Betonfertigteile sind ein hervorragendes Material, weil sie vielseitig einsetzbar sind - sie können gegossen, geschliffen und eingefärbt werden und sowohl im Innen- als auch im Außenbereich verwendet werden", erklärt Pertti Kukkonen, Bildhauer von Betonipallas Oy. Sie entwerfen und realisieren vielfältige Kunstwerke und Fassadenelemente. Die von Betonipallas erfundene Umbra-Farbpatinierung wurde für die Fassadenelemente der Müllsammelstelle verwendet. Auf der Baustelle wurde die Substanz auf den Beton aufgetragen, wo die Reagenzien der Patina in die Oberfläche eindrangen und mit dem Zement reagierten. Nach mehreren Anwendungen bildeten sich rötlich-braun gefärbte Verbindungen. Kukkonen sagt, dass "die Farbpatinierung das Aussehen des Betons mildert und ausgleicht".

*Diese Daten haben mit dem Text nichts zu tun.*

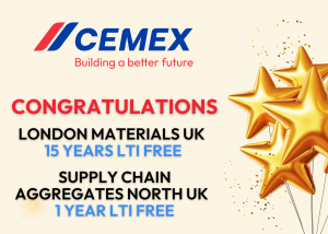 Congratulations to everyone in London Materials UK who achieved 15 years LTI free. Also, congratulations to Supply Chain Aggregates North UK who achieved 1 year LTI free. These are significant milestones – well done.

Jetzt ist die Müllsammelstelle mit ihrer außergewöhnlichen Fassade ein echtes Wahrzeichen des Viertels. Die rostige Farbe und die innovative Architektur verbinden das Gebäude mit den umliegenden Klippen und den Schattierungen der Waldlandschaft. B & M wurde mit dem Concrete Facade Architecture Award 2017 in Finnland für die erfinderische Verwendung von Beton ausgezeichnet. Parikka erinnert daran, dass "es unendlich viele Möglichkeiten für den modernen Beton gibt und ständig neue Anwendungen erfunden werden". Die Müllsammelstelle erhält ihre Einzigartigkeit durch die herausragenden Fertigteilfassaden.